§ Exercise instructions:
When you copy from the entries that follow, take only the lines from the one with "- パークチケット(ペア)や" down to the one with "Saviland Set di", keeping both ends and dropping every picture.

[Stored items]
=== Begin Enclosure ===
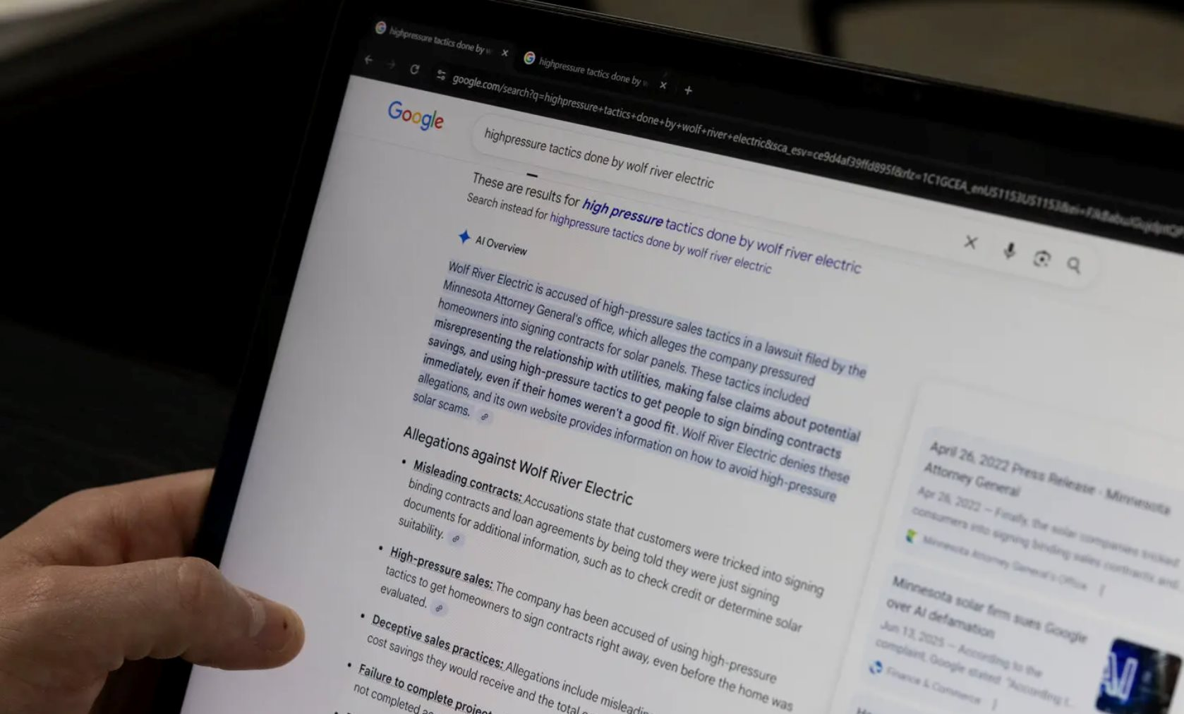 Khi gõ tên công ty lên Google, phần “AI Overview” – tính năng tổng hợp thông tin do trí tuệ nhân tạo của Google tạo ra – lại hiển thị một nội dung cho rằng Wolf River đang bị Tổng chưởng lý Minnesota kiện vì “lừa đảo khách hàng, che giấu phí và ép ký hợp đồng”. Nhưng trên thực tế, công ty này không hề liên quan đến bất kỳ vụ kiện nào.
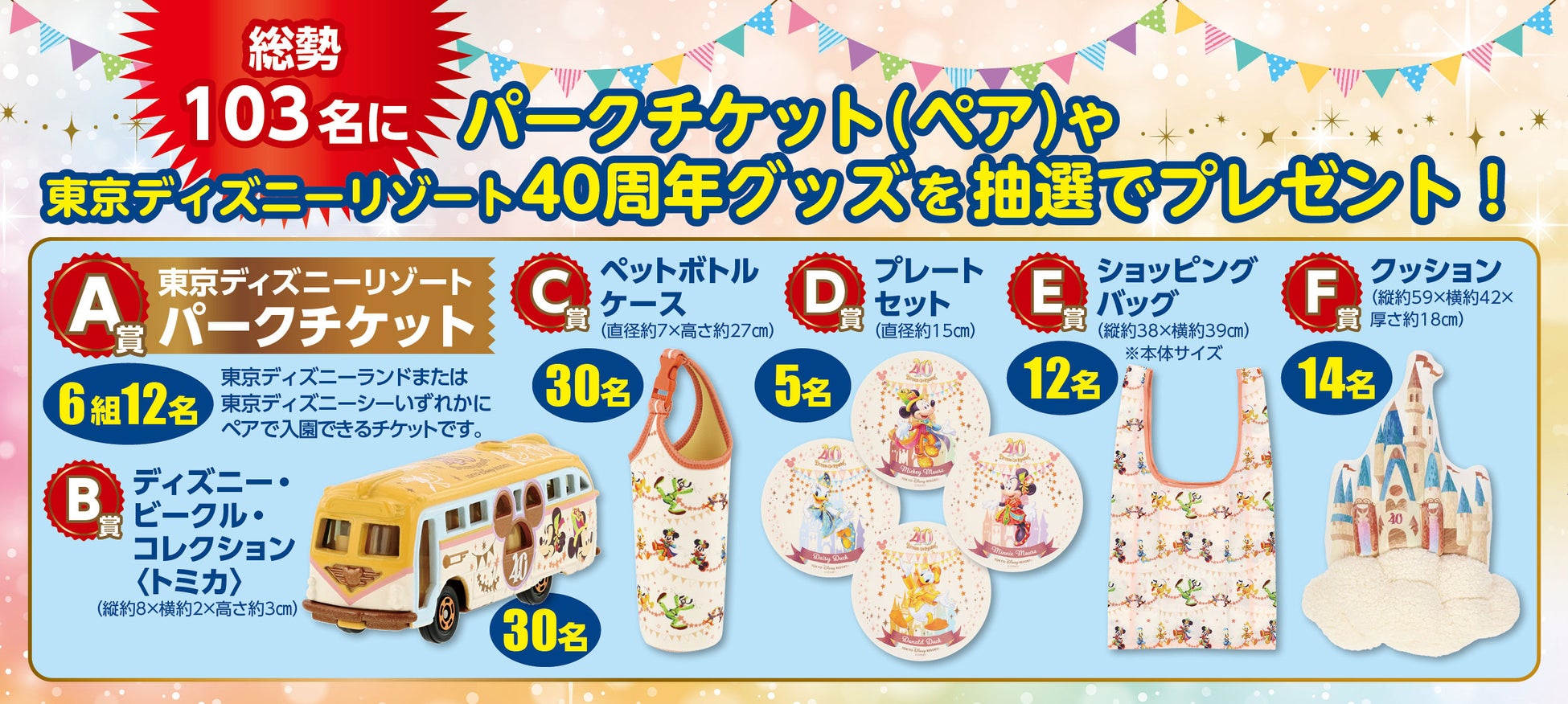 - パークチケット(ペア)や東京ディズニーリゾート40周年グッズなど、合計103名に当たるプレゼントキャンペーン実施中!
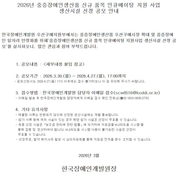 [한국장애인개발원] 2026년 중증장애인생산품 신규 품목 인큐베이팅 지원사업 생산시설 선정 공모 안내
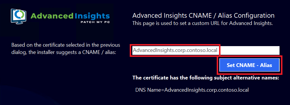 - For custom Advanced Insights URL deployment using a CNAME / Alias, (e.g. https://AdvancedInsights.contoso.local) follow steps described in section: #cname-alias-certificate
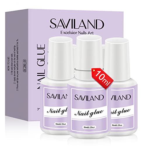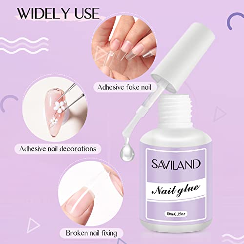 Saviland Set di colla per unghie - 3 pezzi - Set di 3 pezzi di colla per unghie acriliche professionali per unghie per unghie finte, per nail art,10 ml ciascuno
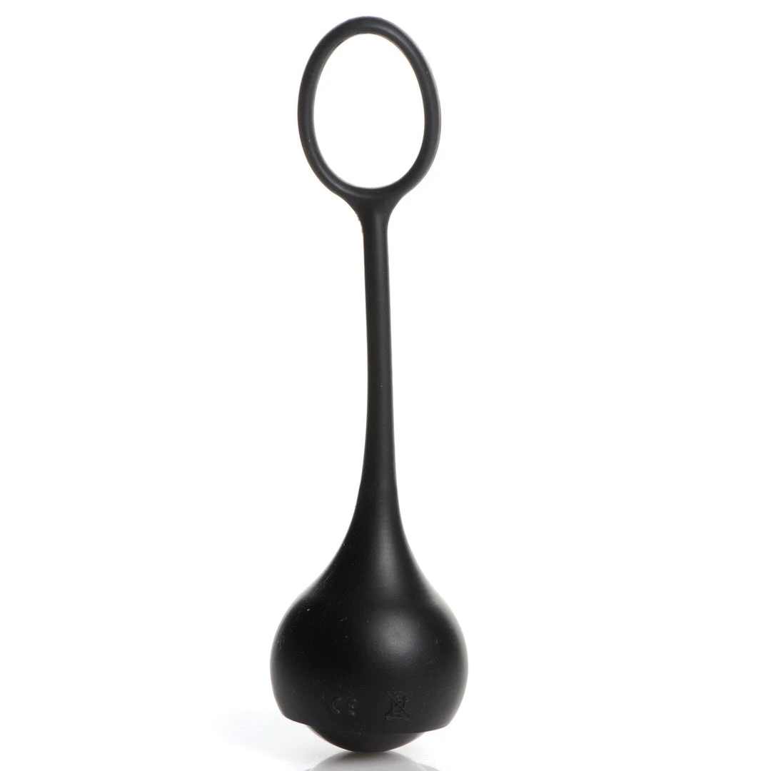 Show how strong you are with this dark dangler silicone wrap! Start with the lightest weight and place it inside the silicone ball cup so it fits snug. Then, take the ring and strap and stretch the ring so it fits over your shaft. Bring it above the head of your shaft and find a place where it feels tight, but not uncomfortable, then slowly let go of the weight and see how much you can lift on your own! Play with trying to lift your shaft while the weight is pulling down and explore using your PC (pubococcygeal) muscles as your shaft pulses in rhythmic sets! Once you’re done, let your penis rest and remove the silicone strap. If you experience any friction, use a very small amount of water based lube.
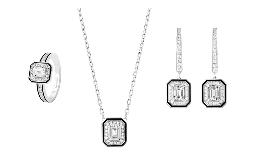 Nổi bật nhất là phiên bản dành cho nam, nạm những viên kim cương được cắt dạng emerald 0,60 carat, hòa hợp với viên kim cương tròn nổi bật trên viền sơn mài đen như sứ. Đồng điệu là mẫu nhẫn Vendôme Liseré dành cho nữ nổi bật bởi viên kim cương lớn cắt dạng emerald 0,5 carat xung quanh được tô điểm bằng kim cương tròn, trên nền chất liệu vàng trắng với viền sơn mài đen. Hoàn thiện bộ trang sức là dây chuyền, lắc tay nạm kim cương cực kỳ tinh xảo.
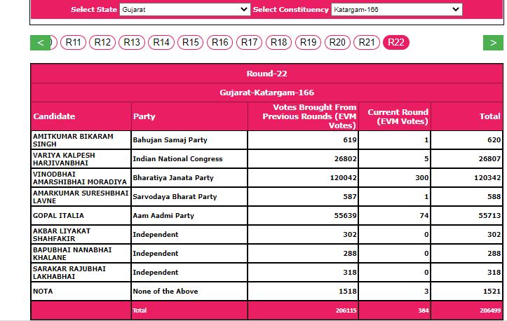 BJP candidate Vinod Moradiya is leading from the Katargam constituency number 166, getting 43,874 votes so far and AAP's Gopal Italia has so far got 25,971 votes.
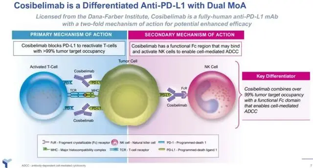 Unloxcyt是一种完全人源化、具有高亲和力的单克隆抗体,可直接与PD-L1结合,从而阻断其与PD-1以及B7.1受体的相互作用,进而除去PD-L1对CD8阳性T细胞的抑制效果,恢复其毒杀性T细胞反应。之前的新闻稿指出,Unloxcyt与目前上市的PD-1和PD-L1抗体的潜在差异在于它具有持续的、超过99%的目标肿瘤占位率(tumor occupancy),可以重新激活抗肿瘤免疫反应,此外它还具有能够诱导抗体依赖性细胞介导的细胞毒性(ADCC)的功能性Fc结构域,从而在某些肿瘤类型中发挥更为强大的疗效。
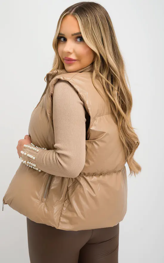 Get your new season look on point with this Faux Leather Padded Gilet. Style this gilet over one of our comfy Lounge Sets & chunky boots to complete the look.
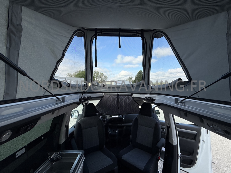Cellule Toit relevable panoramique blanc avec matelas confortCUISINE
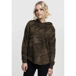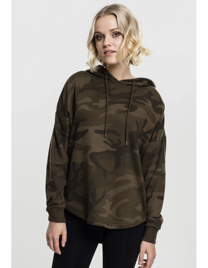 Featuring an oversized shape and subtle camouflage look, the Ladies Oversized Camo Hoody combines two of the most popular urban styles. The soft terry fabric and the front and back rounded hem ensure a loose, comfortable fit. Set-in sleeve seams and a wide ribbed hem round off the casual look and make this hoody the latest essential for your wardrobe.
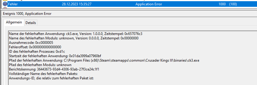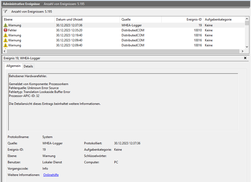 Ich habe mir ein neuen PC zusammengestellt. Dieser hat nun ca. 2 Monate ohne Probleme funktioniert. Seit neustem stürzen aber Spiele wie Cyberpunkt, Crusader Kings 3 oder CS2 ab. Dies geschieht meistens nach ca. 20 min oder einer Stunde. Das Spielt zeigt meistens einen Crash-Report an, welchen man abschicken könnte. Im Eventlogger kommt dann ein Fehler für Application Error oder nur WHEA-LOGGER und DistrobutedCOM.
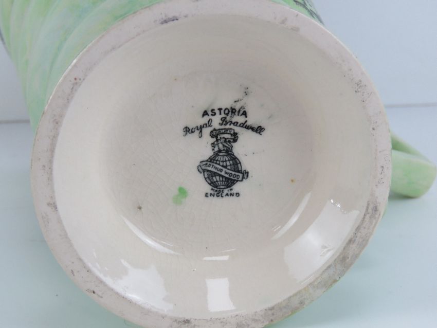 A green lustre Astoria pattern jug made by Arthur Wood Royal Bradwell Works, having floral decoration upon and standing 25cm high.
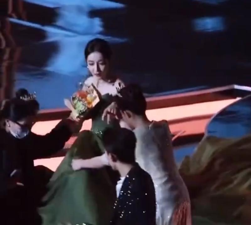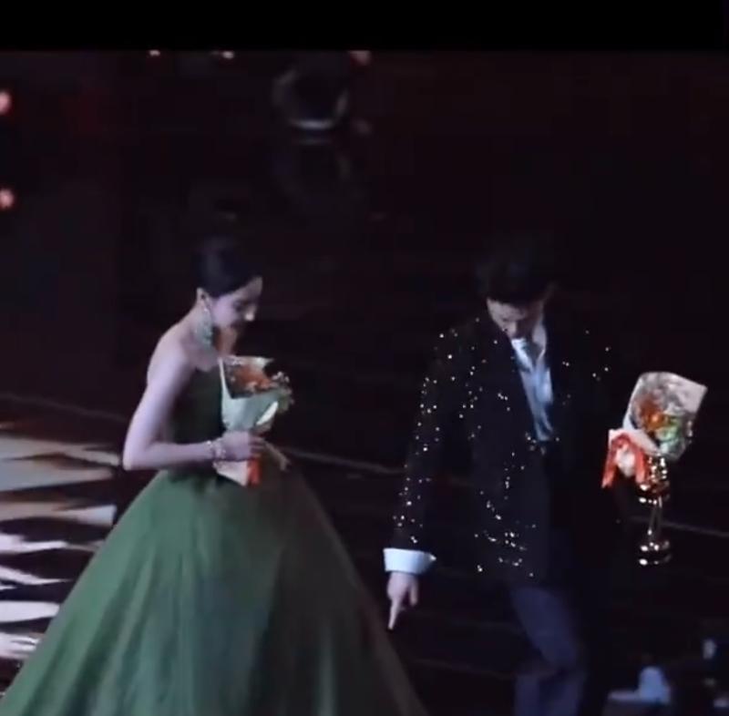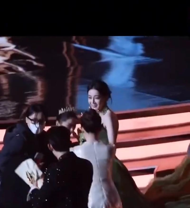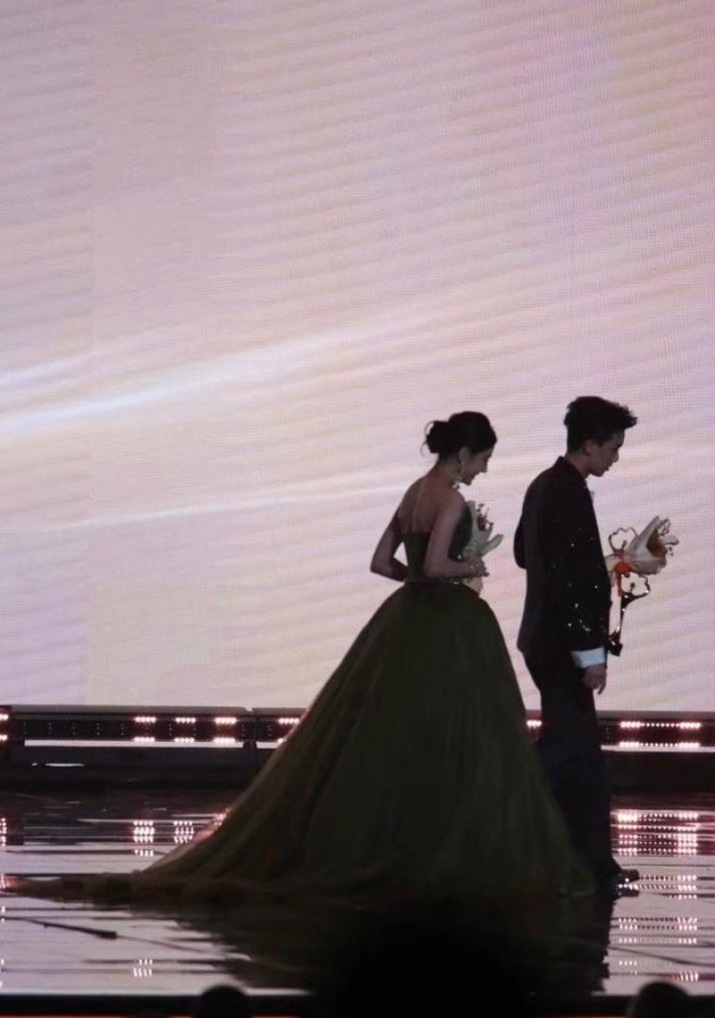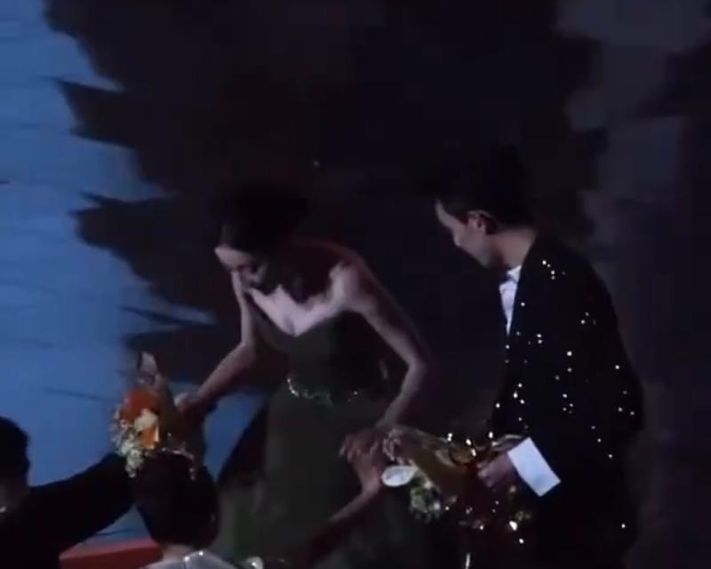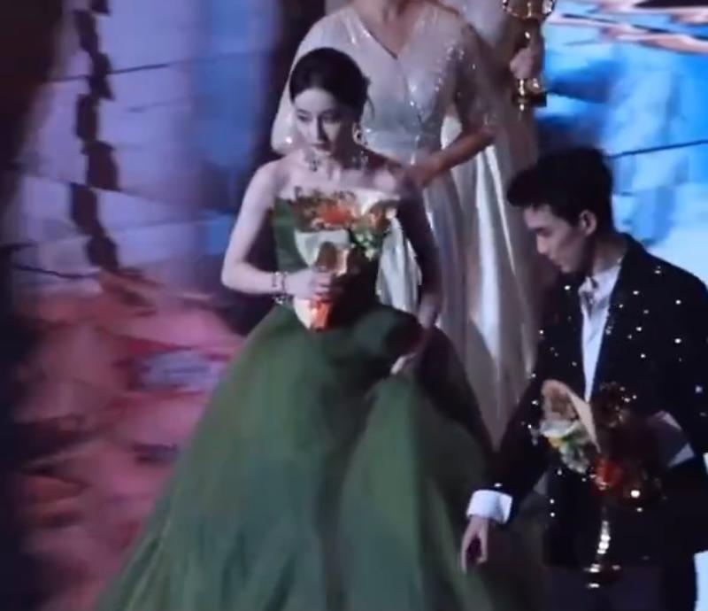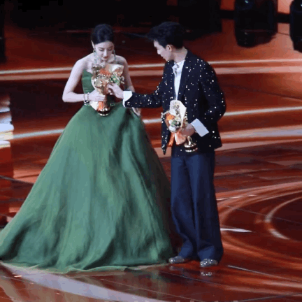 領完獎之後,紳士的三石弟弟立刻幫忙領過熱巴的獎杯,好讓她可以挽起大裙擺👇
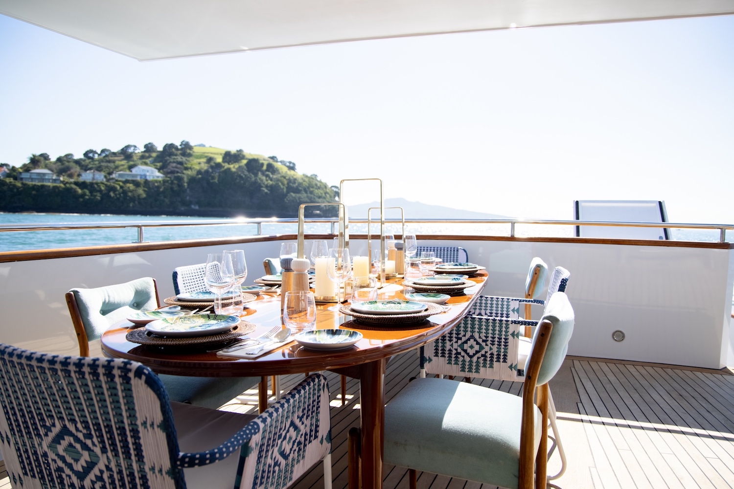 Beautiful breakfast set up aboard motor yacht SEA BREEZE III available in the South Pacific and French Polynesia
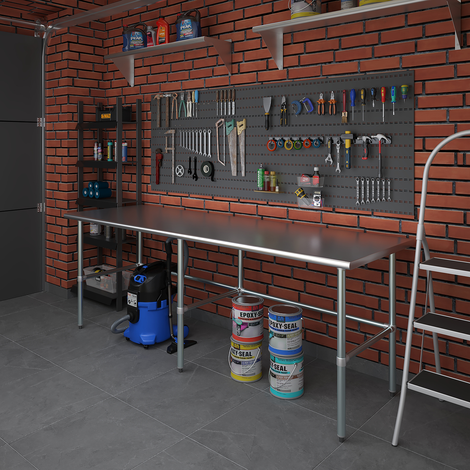 The open base design provides optimal storage space, allowing you to keep essential tools, equipment, and supplies within easy reach. This practical feature enhances workflow efficiency by minimizing the need for constant movement around your workspace. The sturdy construction ensures stability and can support a significant amount of weight, making it suitable for various heavy-duty tasks.
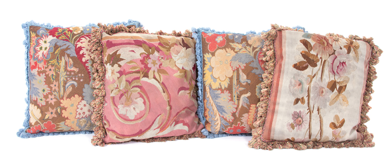 comprising a pair of needlework and a pair of Aubusson floral design.
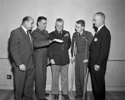 Fort Worth's 13 Lions Clubs started their blood donor drive Tuesday with the able assistance of these five, left to right, Charles M. Seymour, program chairman; Corporal Edward Lewis (holding one of 10,000 donor cards with his artificial arm); Major General Haydon L. Boatner, 1st Lieutenant Henry H. Peters, and Dr. W. J. Danforth, director of veterans affairs at the Chamber of Commerce. General Boatner, principal speaker, used Lewis and Peters, wounded Korean veterans, to illustrate the vital need for blood to save lives of fighting men.
=== End Enclosure ===
§ Exercise solution:
 - パークチケット(ペア)や東京ディズニーリゾート40周年グッズなど、合計103名に当たるプレゼントキャンペーン実施中!
 [한국장애인개발원] 2026년 중증장애인생산품 신규 품목 인큐베이팅 지원사업 생산시설 선정 공모 안내
 - For custom Advanced Insights URL deployment using a CNAME / Alias, (e.g. https://AdvancedInsights.contoso.local) follow steps described in section: #cname-alias-certificate
 Saviland Set di colla per unghie - 3 pezzi - Set di 3 pezzi di colla per unghie acriliche professionali per unghie per unghie finte, per nail art,10 ml ciascuno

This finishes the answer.